- [WORK ORDER]
Nothing below is to be printed except the lines between the line holding "En una caja" and the line holding "The SMALL ONE", inclusive, each exactly as it appears.

- [RECORDS PROVIDED]
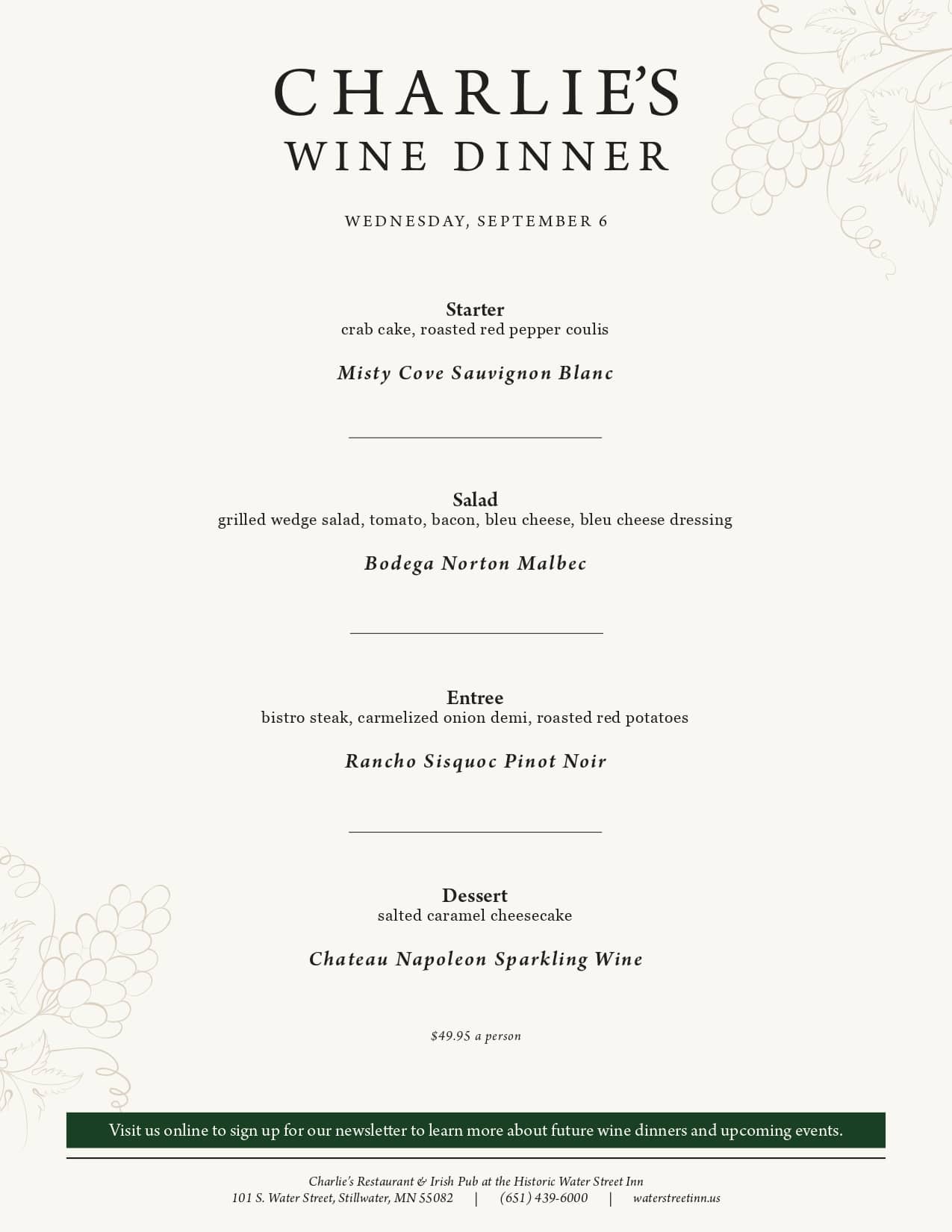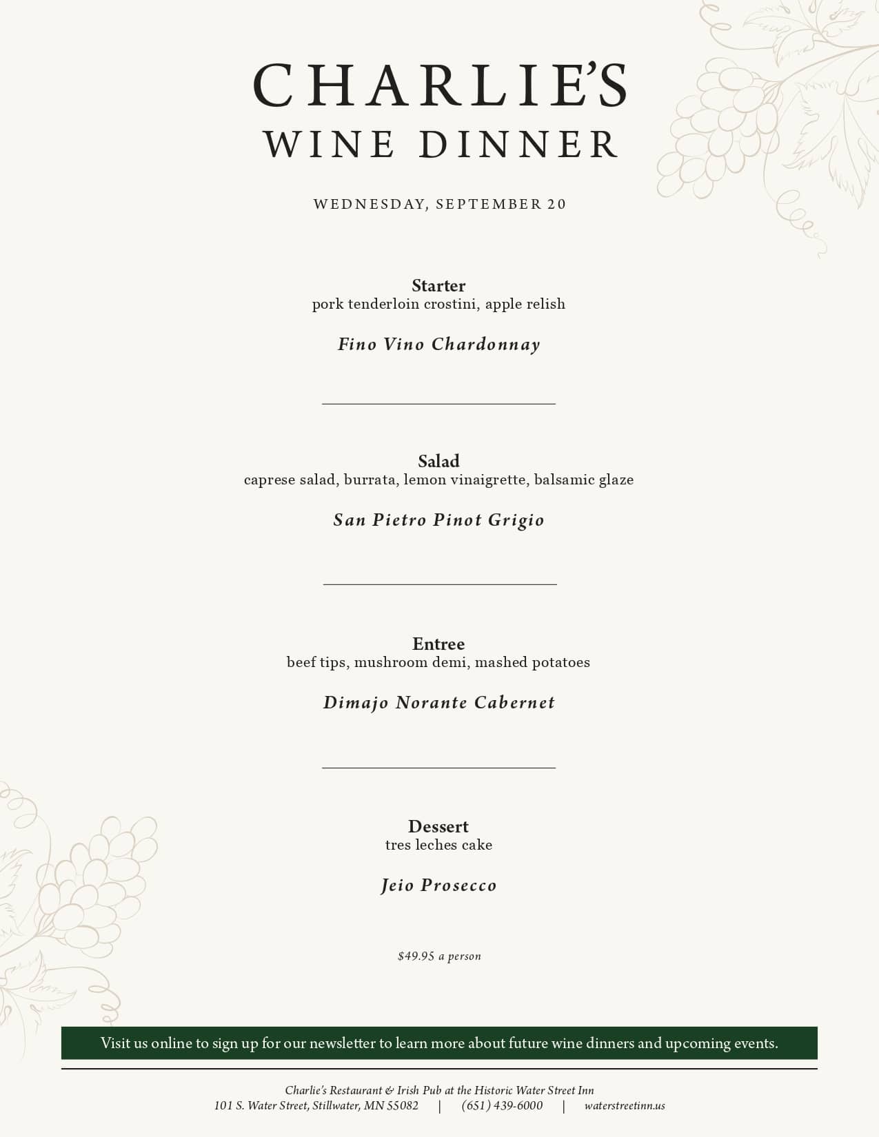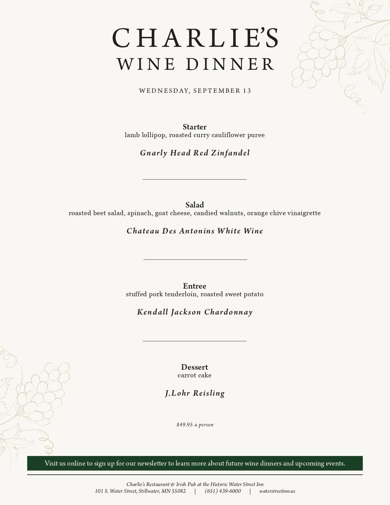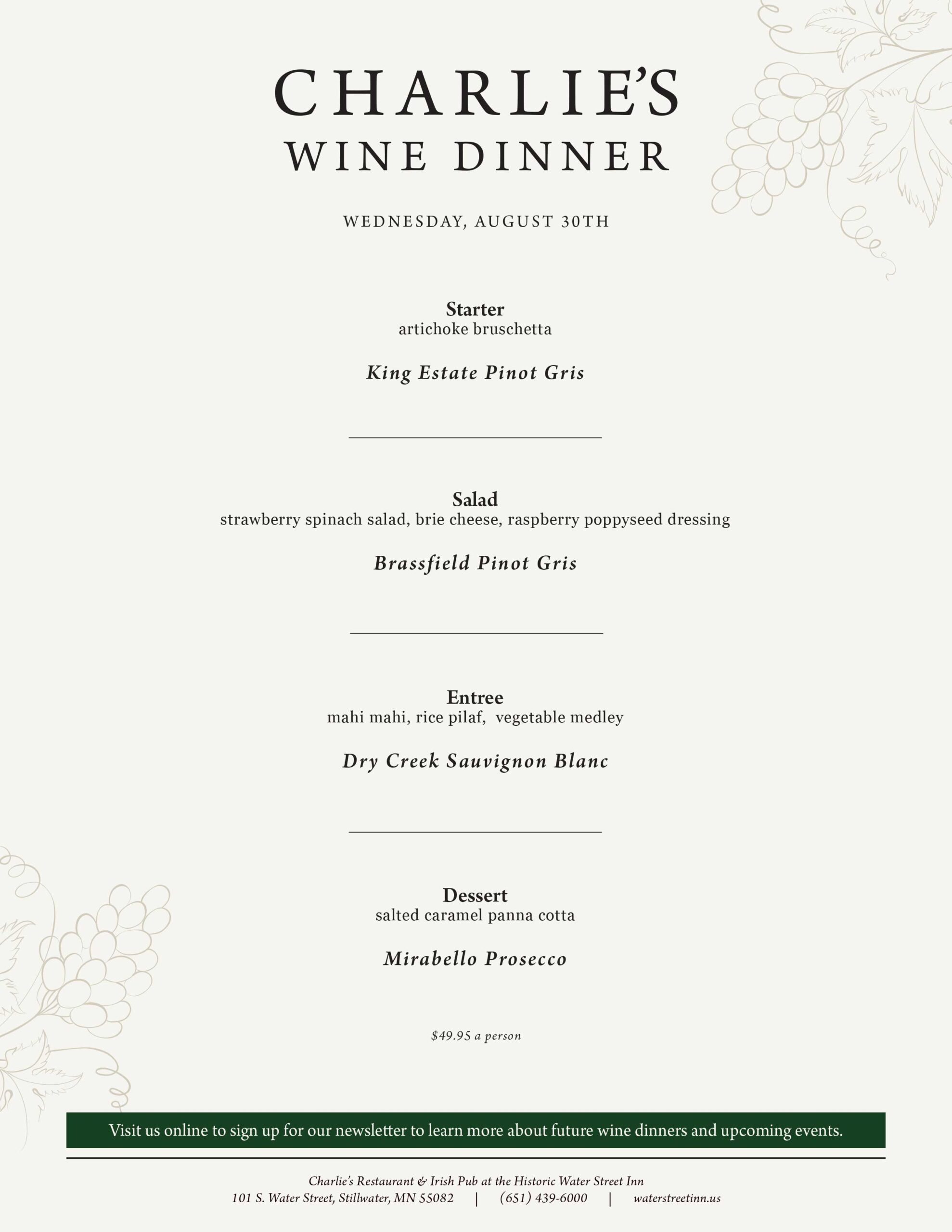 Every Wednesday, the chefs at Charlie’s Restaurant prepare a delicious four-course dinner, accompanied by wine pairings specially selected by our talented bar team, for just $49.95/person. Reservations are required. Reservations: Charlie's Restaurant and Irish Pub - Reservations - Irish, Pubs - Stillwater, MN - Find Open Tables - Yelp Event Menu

---

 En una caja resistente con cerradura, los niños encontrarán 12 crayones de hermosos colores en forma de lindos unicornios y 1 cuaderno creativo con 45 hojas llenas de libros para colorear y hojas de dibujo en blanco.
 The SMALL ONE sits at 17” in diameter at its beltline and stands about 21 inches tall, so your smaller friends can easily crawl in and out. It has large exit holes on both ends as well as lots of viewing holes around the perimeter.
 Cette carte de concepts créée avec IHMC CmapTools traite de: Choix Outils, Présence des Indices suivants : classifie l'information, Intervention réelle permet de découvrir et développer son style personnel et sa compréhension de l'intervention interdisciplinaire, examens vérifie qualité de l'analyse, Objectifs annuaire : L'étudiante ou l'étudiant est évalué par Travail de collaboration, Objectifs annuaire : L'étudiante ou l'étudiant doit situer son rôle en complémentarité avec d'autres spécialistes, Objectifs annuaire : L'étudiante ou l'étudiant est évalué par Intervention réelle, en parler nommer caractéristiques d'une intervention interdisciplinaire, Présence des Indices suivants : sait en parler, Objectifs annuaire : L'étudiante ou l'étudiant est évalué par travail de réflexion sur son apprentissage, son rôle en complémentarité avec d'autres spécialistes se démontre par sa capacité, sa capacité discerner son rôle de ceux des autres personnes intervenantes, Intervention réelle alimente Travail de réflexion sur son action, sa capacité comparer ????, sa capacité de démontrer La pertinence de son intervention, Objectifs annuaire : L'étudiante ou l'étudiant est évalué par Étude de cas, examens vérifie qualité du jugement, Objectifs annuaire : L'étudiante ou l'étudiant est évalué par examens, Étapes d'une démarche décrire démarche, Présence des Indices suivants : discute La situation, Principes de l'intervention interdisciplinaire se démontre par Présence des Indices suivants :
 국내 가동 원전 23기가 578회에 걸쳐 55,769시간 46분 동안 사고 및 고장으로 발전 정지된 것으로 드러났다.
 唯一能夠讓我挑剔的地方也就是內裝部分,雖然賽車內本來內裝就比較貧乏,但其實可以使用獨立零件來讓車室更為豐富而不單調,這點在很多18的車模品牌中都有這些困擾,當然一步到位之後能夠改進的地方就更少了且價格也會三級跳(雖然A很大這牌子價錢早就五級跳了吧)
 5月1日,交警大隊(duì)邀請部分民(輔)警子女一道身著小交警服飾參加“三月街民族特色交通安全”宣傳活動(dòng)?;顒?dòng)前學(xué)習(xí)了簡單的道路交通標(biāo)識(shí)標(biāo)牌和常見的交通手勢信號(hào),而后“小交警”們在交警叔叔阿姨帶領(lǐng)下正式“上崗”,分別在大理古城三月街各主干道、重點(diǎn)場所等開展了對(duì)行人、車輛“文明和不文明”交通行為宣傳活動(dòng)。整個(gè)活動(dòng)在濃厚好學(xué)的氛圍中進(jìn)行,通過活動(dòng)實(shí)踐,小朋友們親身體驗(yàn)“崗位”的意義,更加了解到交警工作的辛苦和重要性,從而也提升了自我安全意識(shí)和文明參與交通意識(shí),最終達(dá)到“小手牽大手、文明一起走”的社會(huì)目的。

- [EXERCISE SOLUTION]
 En una caja resistente con cerradura, los niños encontrarán 12 crayones de hermosos colores en forma de lindos unicornios y 1 cuaderno creativo con 45 hojas llenas de libros para colorear y hojas de dibujo en blanco.
 The SMALL ONE sits at 17” in diameter at its beltline and stands about 21 inches tall, so your smaller friends can easily crawl in and out. It has large exit holes on both ends as well as lots of viewing holes around the perimeter.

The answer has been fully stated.